#### Assigned task
Copy each record below faithfully, leaving out images.
● ● ●
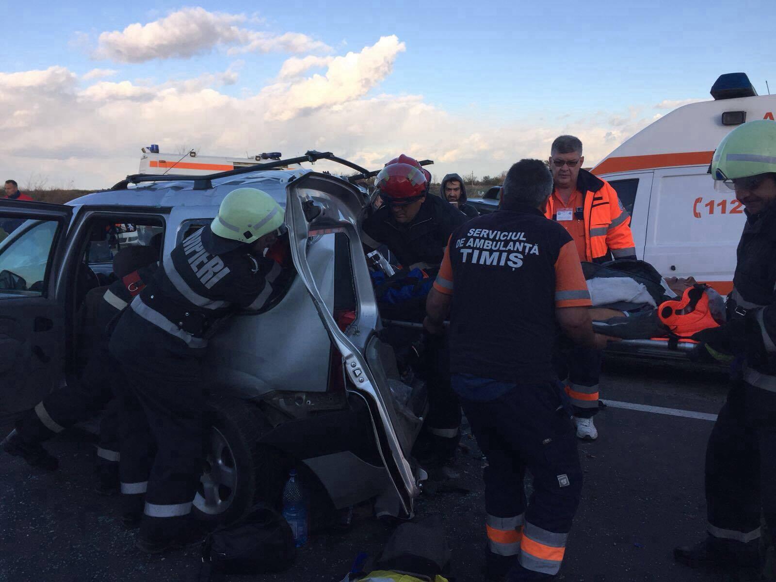 ACCIDENT GRAV în urmă cu puțin timp, în Timiș. O maşină a fost făcută praf după ce S-A IZBIT violent de un microbuz care transporta 50 de muncitori. Sunt victime!
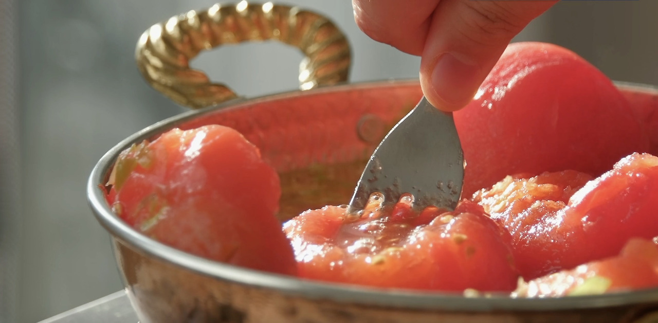 3. 껍질을 제거한 토마토를 고추 볶던 팬에 넣은 뒤 포크로 잘 으깨줍니다
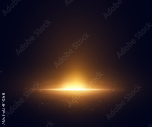© Valeriia, Naklejka premium A warm, glowing light rising from below, with a soft haze and shimmering particles against a dark background. A vector light effect for overlays, fantasy scenes, and atmospheric backgrounds.
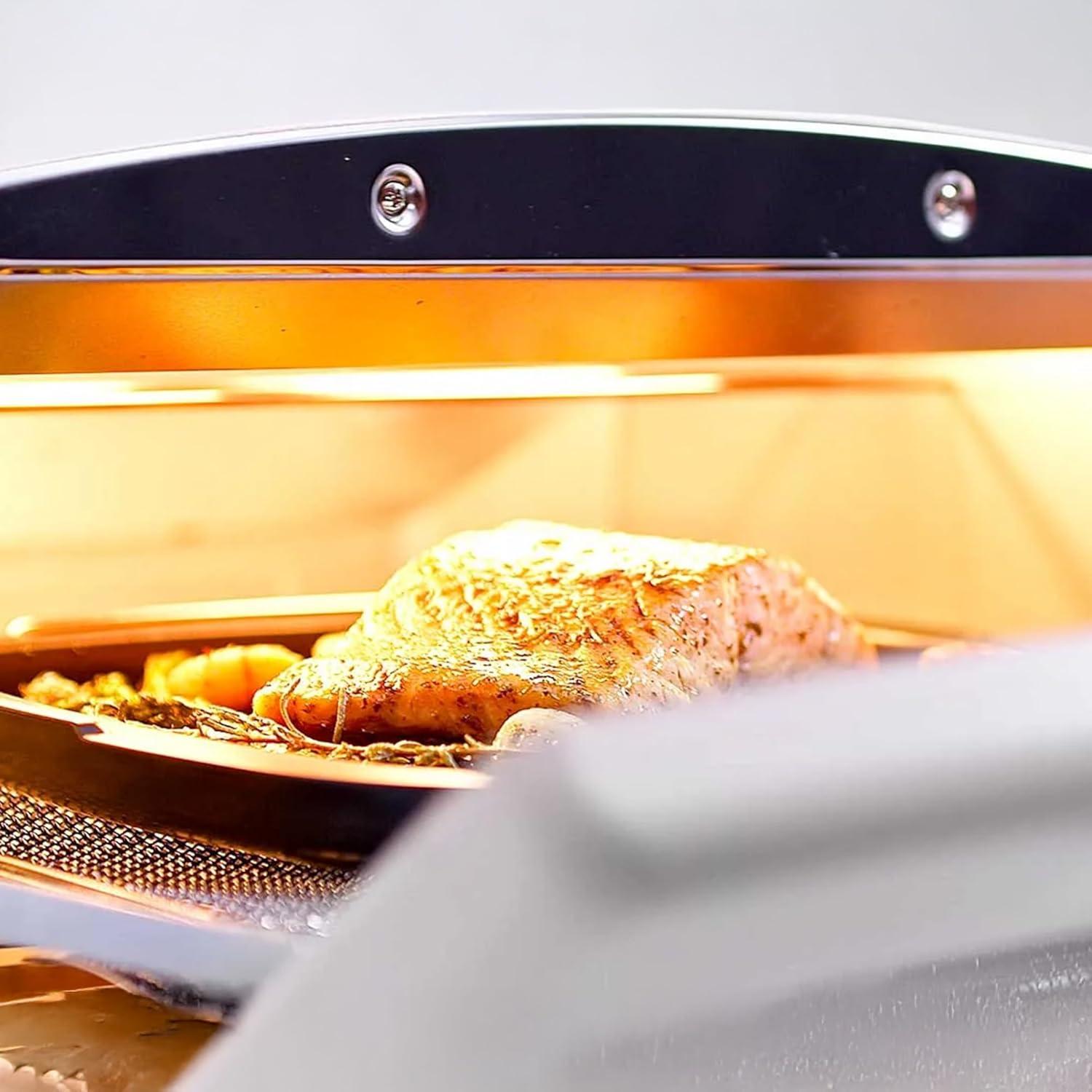 At rest on a countertop, it occupies a modest but discernible footprint: not as squat as a two-slice slot toaster and not as tall as a compact microwave, so it tends to read as a small oven when placed alongside other devices. Its proportions become more obvious in everyday use — opening the door, sliding pans in and out, or pulling the crumb tray — and those moments are what really define how much counter territory it claims. simple visual cues that affect that reading include:
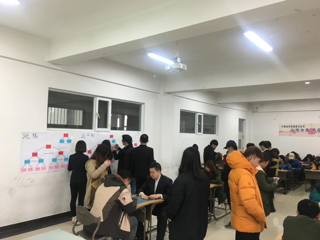 经过寝室内部,各寝室之间及预赛的层层选拔,本次决赛共有23名来自不同寝室的选手参加。经过第一轮淘汰赛,现场气氛逐渐活跃起来,五子棋,跳棋及军旗各晋级四名选手。第二轮的半决赛中选手们也都展示了自己的高超棋艺,每一步都沉着冷静地思索,现场气氛不禁更加紧张起来,经过激烈的比拼之后,共六名选手进入最后的决赛。第三轮,夺冠的最后比拼,现场气氛到了最为紧张的时刻,选手们走棋也更为慎重了。经过近一个小时的激烈角逐,终于尘埃落定,最终由2015级英语专业高航获得五子棋第一名,2016级英语专业严莉娜获得跳棋第一名,2014级俄语专业杨睿琨获得军旗第一名。活动最后郭鲜丹老师对此次比赛做了简单的总结和点评,点评后参赛选手和老师们合影留念,至此比赛圆满落下帷幕。
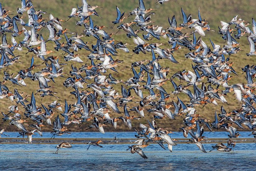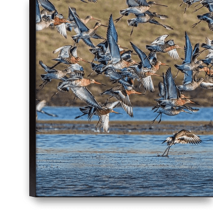 Buy this bird art Flying godwits. by Frans Lemmens on canvas, ArtFrame, poster and wallpaper, printed on demand in high quality.
● ● ●
#### Exercise solution
 ACCIDENT GRAV în urmă cu puțin timp, în Timiș. O maşină a fost făcută praf după ce S-A IZBIT violent de un microbuz care transporta 50 de muncitori. Sunt victime!
 3. 껍질을 제거한 토마토를 고추 볶던 팬에 넣은 뒤 포크로 잘 으깨줍니다
© Valeriia, Naklejka premium A warm, glowing light rising from below, with a soft haze and shimmering particles against a dark background. A vector light effect for overlays, fantasy scenes, and atmospheric backgrounds.
 At rest on a countertop, it occupies a modest but discernible footprint: not as squat as a two-slice slot toaster and not as tall as a compact microwave, so it tends to read as a small oven when placed alongside other devices. Its proportions become more obvious in everyday use — opening the door, sliding pans in and out, or pulling the crumb tray — and those moments are what really define how much counter territory it claims. simple visual cues that affect that reading include:
 经过寝室内部,各寝室之间及预赛的层层选拔,本次决赛共有23名来自不同寝室的选手参加。经过第一轮淘汰赛,现场气氛逐渐活跃起来,五子棋,跳棋及军旗各晋级四名选手。第二轮的半决赛中选手们也都展示了自己的高超棋艺,每一步都沉着冷静地思索,现场气氛不禁更加紧张起来,经过激烈的比拼之后,共六名选手进入最后的决赛。第三轮,夺冠的最后比拼,现场气氛到了最为紧张的时刻,选手们走棋也更为慎重了。经过近一个小时的激烈角逐,终于尘埃落定,最终由2015级英语专业高航获得五子棋第一名,2016级英语专业严莉娜获得跳棋第一名,2014级俄语专业杨睿琨获得军旗第一名。活动最后郭鲜丹老师对此次比赛做了简单的总结和点评,点评后参赛选手和老师们合影留念,至此比赛圆满落下帷幕。
 Buy this bird art Flying godwits. by Frans Lemmens on canvas, ArtFrame, poster and wallpaper, printed on demand in high quality.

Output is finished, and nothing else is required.